Evidence of her life is scant.
The consumption of women’s labor into gender identity allowed the labor performed—regardless of how demanding it may have been—to be framed as duty provided rather than labor prescribed. Women such as Yolande of Aragon and Isabelle Duchess of Burgundy, who were integral to the shifting power dynamics of medieval England and France in the 15th century, are known to us because of the privileges afforded to them through both class and gender performance, however, a measly handful of biographies each remind us the implied insignificance of the role women played in the grander scheme of culture-shaping events.
Outside of the privileged few, most women are lost to us because as patriarchy progressed, women were pressed further into gendered servitude deemed unworthy of note by the very same patriarchs recording history. Layers of feminine influence washed from patriarchal annals allow the stories of brutal domination to be positioned as the natural unfolding of human development instead of the intentional outcome of violent hierarchies. We need not look far to witness this very same devastation and framing today.
I don’t believe it too generous to say that without the support of Yolande of Aragon, Charles VII of France would have been unable to resist, and ultimately rout the English to bring about a long-desired end to The Hundred Years War. Of course, as any event in history, it is far more nuanced than that with endless contributing factors, but for a moment let us witness Yolande’s labor.
Afforded unearned privileges at birth, class constructs of the time dictated that the daughter of kings and queens would marry well. In her socially dependent position of Duchess of Anjou, this meant the actions she undertook to further her country’s sovereignty were often framed as duties conducted as expected. In reality? These moments should have been heavily recorded to witness a deviation from the assumed and implied gender norms of the time, but an influence such as Yolande’s would not serve the framework of male supremacy and the biases they wished to enforce.
Yolande’s intelligence and forward thinking can easily be read into the historical space that is allotted to her.
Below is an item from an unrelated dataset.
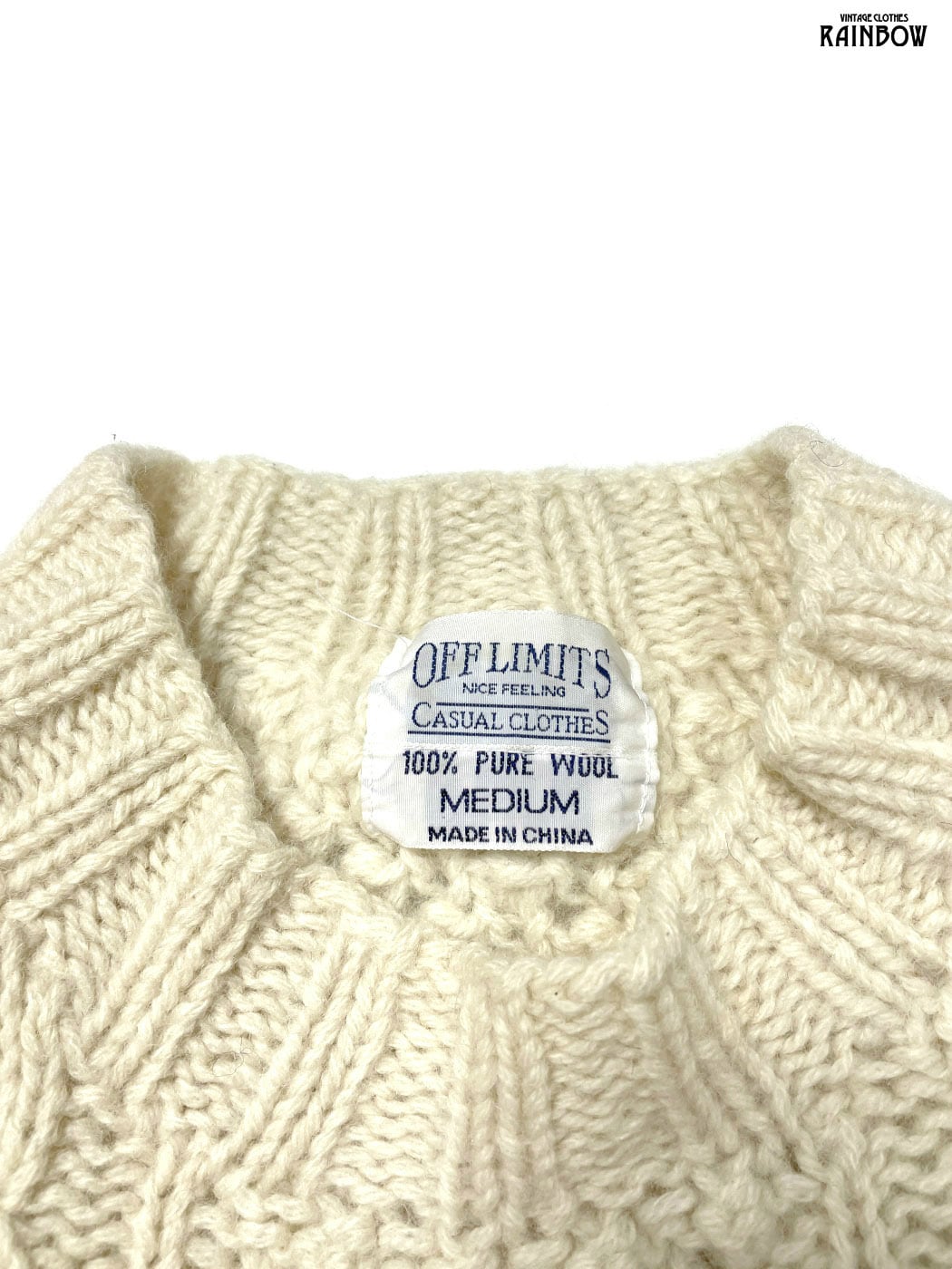 #ニット #セーター #ロングスリーブ #ベージュ #無地 #ケーブル編み #ナチュラル #ピュアウール #フィッシャーマンニット

Young Charles—like many young men steeped in privilege yet denied divine patriarchal power—exhibited a tendency to react without reflection, often ostracizing vital members of the nobility whose support was necessary to his cause.
Outside of bringing about community around the young Dauphin to support his position, Yolande’s power is tenable in a multitude of ways: From the culturally significant orchestration of the finding of Charlemagne’s sword, to the positioning of importance of the female-view in supporting France’s development.3 Yolande’s life story is steeped with exceptional tales of influence and authority, but would either have been available to her had she not performed her gender thoroughly?
Even within her own wedding portrait (above), Yolande’s beauty is represented in those Antiquarian ways. She need not be anything more than almost a copy/paste of the women around her. Her position of power and paleness of skin are evidence enough of the beauty she possessed, we need not receive individual details of the socially dependent. The diminishment of their individuality and existence in stark opposition to the men across from them. Relying on her immense knowledge of her marital homeland, Yolande was able to properly convince the patriarchs around Charles, and even Charles himself, to receive help in the form of a woman, la pucelle. The maid.4
This young peasant woman, Jehanne d’Arc, would go on to rouse the dampened spirits of Charles’ routinely defeated army in an auspicious way. Up until la pucelle’s entrance onto the scene, The Hundred Years War had been a war of attrition, negatively impacting both kingdoms involved to the umpteenth degree. La pucelle, with her loaned noble armor, ignited the fire under the spiritually driven men, bringing to life a foretold prophecy of France’s ascendancy. Jehanne’s famous deviation from gender performance was initially overlooked as she possessed a separate, often far more important quality under patrilineal patriarchy: she was chaste.
However, once in the hands of the English, this gender non-conformity became a problem of the soul. Unwilling to denounce her interpretations of god’s word nor align herself with prescribed gender expectations, Jehanne was charged as a heretic and burned at the stake. Had Jehanne been willing to wear the damn dress, perhaps she would have been spared. Jehanne has rightly become a symbol for both the queer and trans communities today, whom are at the forefront of breaking down the very same, long-standing, harmful patriarchal gender norms that worked against Jehanne so long ago.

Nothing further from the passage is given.